Kosmetik für Männer wird noch immer völlig falsch vermarktet

Der Schauma MannWenn mir langweilig ist im Supermarkt, gehe ich gerne zum Regal mit den  Shampoos und betrachte ausführlich das Männershampoo von Schauma um mich zu gruseln. Der Schauma-Mann, er ist so schööööön er fährt sich so durch die Haaaaaaare. Wem führe dabei kein Schauer über den Rücken?
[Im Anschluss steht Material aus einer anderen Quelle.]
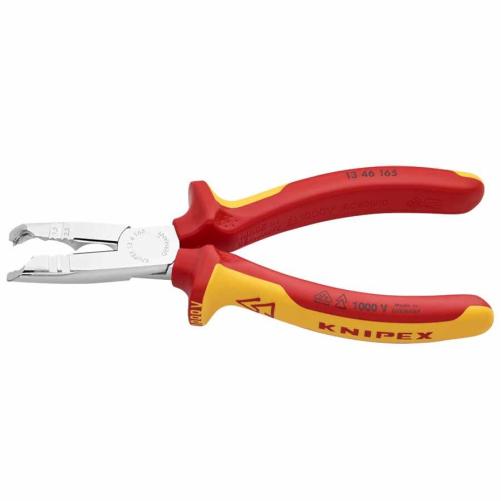 Cette pince KNIPEX est idéale pour économiser la place de vos boites et coffrets à outils. Elle combine en un seul et même outil la possibilité de couper, dénuder et dégainer tous types de câbles et gaines rondes. Sa forme élancée lui permet d'accéder par exemple aux boites d'encastrement profondes où elle sera particulièrement efficace. Ses arêtes coupantes circulaires offrent un dégainage facile des câbles sans les endommager. Elle dispose de trois oblongs pour un dénudage précis des conducteurs de 0,75, 1,5 et 2,5mm² et ses tranchants offrent une coupe nette des conducteurs, fils et petits clous et vis. Isolée 1000 V, la pince protège son utilisateur lors des travaux sous tension.

Für eine kleine Gruppe von Käufern scheint der Schauma-Mann zu funktionieren, denn es gibt ihn schon ewig. An mir geht die Produktgestaltung jedoch völlig vorbei. Ich finde sie lustig. Für Männer mit Glatzenbildungstrauma kann der Schauma Mann sogar eine schwere Provokation darstellen.

L'Oreal

L'Oreal versucht Männer als Zielgruppe für Pflegeprodukte auf eine andere Art und Weise zu überzeugen: Mit harten Männern, die männliche Sachen tun, z.B. Hugh Laurie oder Partick Dempsey. Gut, das sind an und für sich schon einmal die richtigen Typen. Sie passen aber nicht zu den Produkten, die sie verkaufen sollen. Bei der Vermaktung von Kosmetik an Männer gibt es generell dieses Problem: Männer hassen Kosmetik, wenn sie Männer sind.  Allein das Wort "Kosmetik" ist schwer vermittelbar. Echte Hardcore-Kosmetik wie Anti-Falten Creme: Allein der Gedanke daran löst doch Fluchtreflexe aus!
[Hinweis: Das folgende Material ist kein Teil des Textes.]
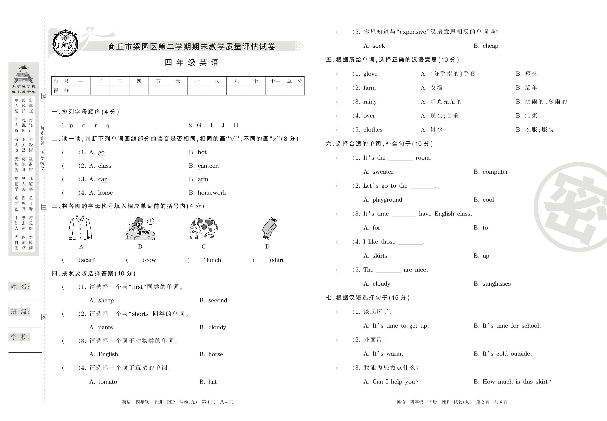 2015-2016学年第二学期商丘市梁园区四年级英语试卷(PEP版)【9】

Patrick Dempsey- Wild in the DesertDas lässt sich gut an einem Bespiel belegen: Patrick Dempseys Werbe-Film "WILD IN THE DESERT" für L'Oreal. Wieder: An und für sich ansprechend.  Patrick Dempsey fährt mit einem Drag-Racer über einen ausgetrockneten Salzsee. Aber wie bringt man das mit Hautcreme in Verbindung? "Ein harter Mann: Er steigt aus, er schwitzt, er cremt sich ein". Er cremt sich ein?? Nöööö!!

(Um erhrlich zu sein: Das beworbene Produkt ist hier keine Hautcreme sondern ein 96-Stunden Deo, aber 96-Stunden Deos kann doch keiner ernst nehmen. Immerhin, nach der Anwendung braucht man sich vier Tage nicht mehr zu waschen).

Zielgruppenanalyse

Wie dem auch immer sei, es ist an der Zeit den Werbe-Genies von Schwarzkopf und L'Oreal unter die Arme zu greifen und eine kleine "Zielgruppen-Reversions-Analyse" für Männerkosmetik durchzufühen. Als Anti-Beispiel dient der Schauma Mann.

  1. Männer funktionieren anders als Frauen. Frauen kann man eine andere schöne Frau (die Schauma-Frau sozusagen) vor die Nase setzen und sie werden denken "Oh, ist die schön, warum bin ich nicht so schön? Werde ich so schön, wenn ich dieses Produkt kaufe?". Bei Männern löst ein zu schöner Mann eher Aggressionen aus. "EEEY, WASN DAS FÜRN FATZKE?". Männer haben in der Regel ein aufgeblasenes Ego und seltener Minderwertigkeitskomplexe wegen ihrem Äußeren. Man muss ihnen also auf Augenhöhe begenen und jemanden präsentieren den sie respektieren und in dem sie sich wieder erkennen können.
  2. Ein genialer Zusammenhang, der den Shampoo-Vermakrtern bis jetzt durch die Lappen gegangen ist, ist folgender: Männer mögen Bier und Bier ist gut für die Haare!

Als Konsequenz dieser Überlegungen präsentiere ich also hiermit den ultimativen Verkaufsknüller für Herren-Shampoo:

Biernot Shampoo© - Mit Bier:

Biernot - Shampoo mit Bier

Der perfekte Werbeträger für diese Zielgruppe ist ein kleiner aber feiner Nebendarsteller aus "Werner - Beinhart!": Herr Biernot. Erstens enthält sein Name das Wort "Bier" und zweitens kann sich der Durchschnittsmann mit ihm problemlos identifizieren.

Bestellungen können über die Kommentar-Funktion entgegen genommen werden.